Sermon Illustrations for Baptism of Our Lord (2021)
Illustration
Genesis 1:1-5
One of the terms those who watch superhero movies have become familiar with is “origin stories,” which refers to those stories that tell how this or that superhero came to develop his or her powers and became super good or super evil (or a happy mixture of them both).
Interestingly enough, in the ancient world the gods had origin stories. The Greek poet Hesiod wrote a poem known as the Theogony, which means “the genealogy of the gods.” He told their origin stories, their birth, and how they were overthrown in a bloody fashion by the next generation of gods, and those gods by the generation after that. The Theogony reads like a clash of superheroes. Each of the gods had their own superpowers, but the chief gods, first Ouranos, then Chronos, then Zeus, were themselves finite and vulnerable.

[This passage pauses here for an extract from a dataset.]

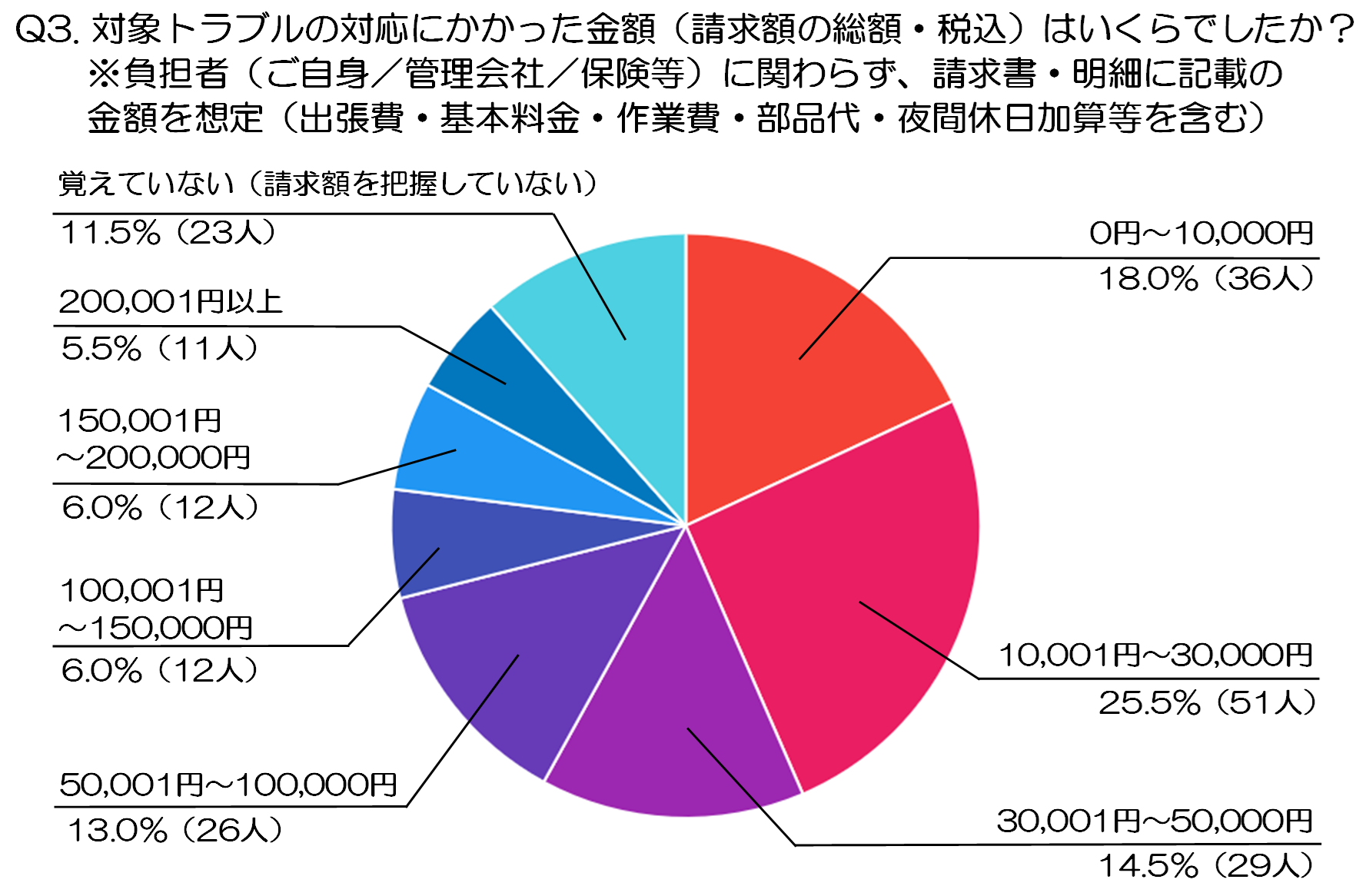 次いで多いのが「0円〜10,000円」18.0%(36人)で、簡単な調整や短時間の作業で解決したケースでは、比較的少額で済んでいる様子も見て取れます。

Contrast that with the creation story of Genesis. God simply is. Though we read about the creation of earth, sky, sun, moon, and stars, every creature, and the generations of humanity, there is no origin story for God. There is no war in heaven involving God. God reigns. Remember, even in Revelation 12, when Lucifer wages war on heaven, it is Michael who blunts the assault and casts him out because God has no equal, no opposite number!
Frank R.
* * *
Genesis 1:1-5
John Glenn, speaking about his view of earth from the space shuttle Discovery, said, “To look at the window, as I did that first day, to look out at this kind of creation and not believe in God is to me impossible.”
Creation itself speaks of a Creator. Can a book write itself without an author? Can a car build itself without a manufacturer? Can a symphony form itself into beautiful harmonies without a composer? Of course, we know the answer to all these questions. No, they cannot. How then can the marvelous creation that John Glenn witnessed first-hand so many years ago have come into being? Can a universe form itself without a Creator?
The answer is simple.” In the beginning when God created the heavens and the earth.” (Genesis 1:1) To believe that is to only believe the obvious.
Bill T.
* * *
Acts 19:1-7
A 2009 Barna Research Center poll revealed that the Holy Spirit has fallen on hard times in America. It seems that only half of us believe in the reality of the Spirit. This lesson, with its emphasis on the Holy Spirit’s role in baptism, can offer a helpful response.
Martin Luther did a nice job explaining how the Spirit works in baptism. He wrote:
In the first place you give yourself up to the sacrament of baptism and to what it signifies. That is you desire to die, together with your sins, and to be made new at the last day... From that hour He [God] begins to make you a new person. He pours into you his grace and Holy Spirit, who begins to slay nature and sin, and to prepare you for death and the resurrection on the last day. (Luther’s Works, Vol.35, p.33)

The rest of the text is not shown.